Print the listing below again, exactly. Skip the pictures.

§ GIVEN DATA:
::::::::::

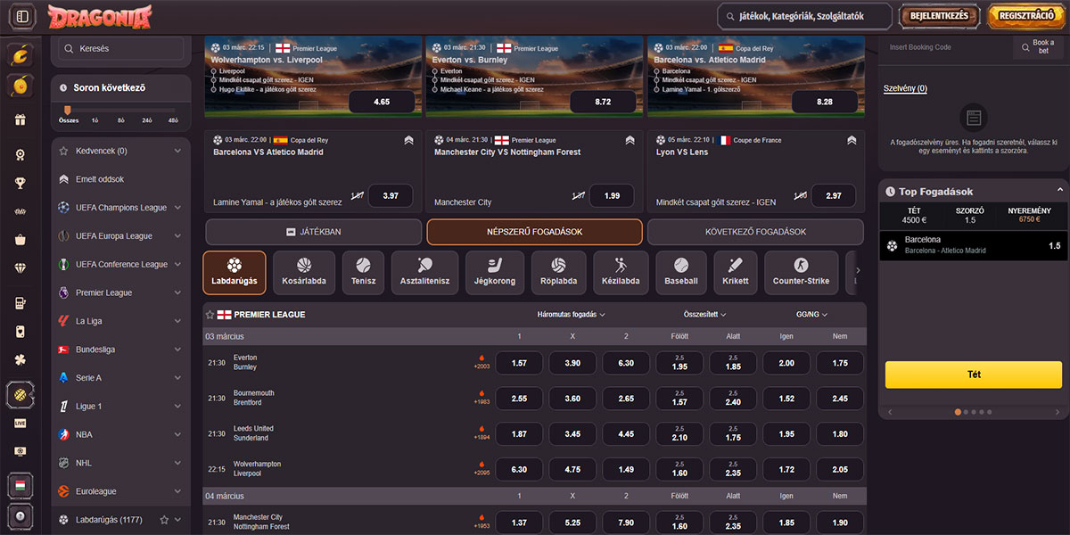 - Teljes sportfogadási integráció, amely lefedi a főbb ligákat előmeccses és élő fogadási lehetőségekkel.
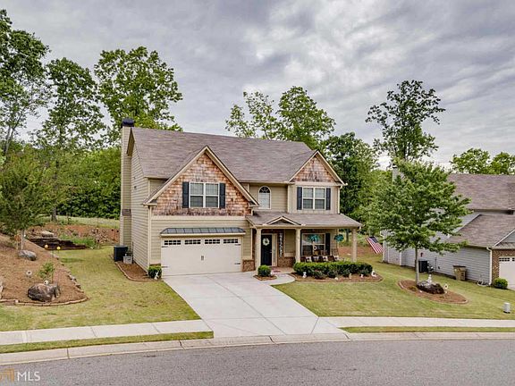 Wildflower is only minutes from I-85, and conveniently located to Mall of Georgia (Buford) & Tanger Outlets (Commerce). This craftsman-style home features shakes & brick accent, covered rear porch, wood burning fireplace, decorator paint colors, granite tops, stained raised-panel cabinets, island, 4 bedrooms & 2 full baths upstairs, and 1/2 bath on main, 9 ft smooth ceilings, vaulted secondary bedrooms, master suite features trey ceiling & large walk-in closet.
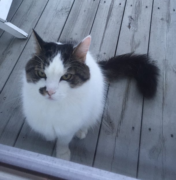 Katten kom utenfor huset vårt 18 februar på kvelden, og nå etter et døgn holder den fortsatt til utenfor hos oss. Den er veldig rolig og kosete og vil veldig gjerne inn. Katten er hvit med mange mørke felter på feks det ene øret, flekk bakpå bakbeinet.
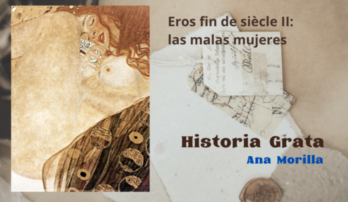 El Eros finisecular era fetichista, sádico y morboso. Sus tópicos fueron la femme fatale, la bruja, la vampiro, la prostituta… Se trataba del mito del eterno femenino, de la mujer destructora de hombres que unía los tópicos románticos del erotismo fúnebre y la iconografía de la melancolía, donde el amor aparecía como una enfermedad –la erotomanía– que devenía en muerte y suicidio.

::::::::::

§ TASK RESULT:
 - Teljes sportfogadási integráció, amely lefedi a főbb ligákat előmeccses és élő fogadási lehetőségekkel.
 Wildflower is only minutes from I-85, and conveniently located to Mall of Georgia (Buford) & Tanger Outlets (Commerce). This craftsman-style home features shakes & brick accent, covered rear porch, wood burning fireplace, decorator paint colors, granite tops, stained raised-panel cabinets, island, 4 bedrooms & 2 full baths upstairs, and 1/2 bath on main, 9 ft smooth ceilings, vaulted secondary bedrooms, master suite features trey ceiling & large walk-in closet.
 Katten kom utenfor huset vårt 18 februar på kvelden, og nå etter et døgn holder den fortsatt til utenfor hos oss. Den er veldig rolig og kosete og vil veldig gjerne inn. Katten er hvit med mange mørke felter på feks det ene øret, flekk bakpå bakbeinet.
 El Eros finisecular era fetichista, sádico y morboso. Sus tópicos fueron la femme fatale, la bruja, la vampiro, la prostituta… Se trataba del mito del eterno femenino, de la mujer destructora de hombres que unía los tópicos románticos del erotismo fúnebre y la iconografía de la melancolía, donde el amor aparecía como una enfermedad –la erotomanía– que devenía en muerte y suicidio.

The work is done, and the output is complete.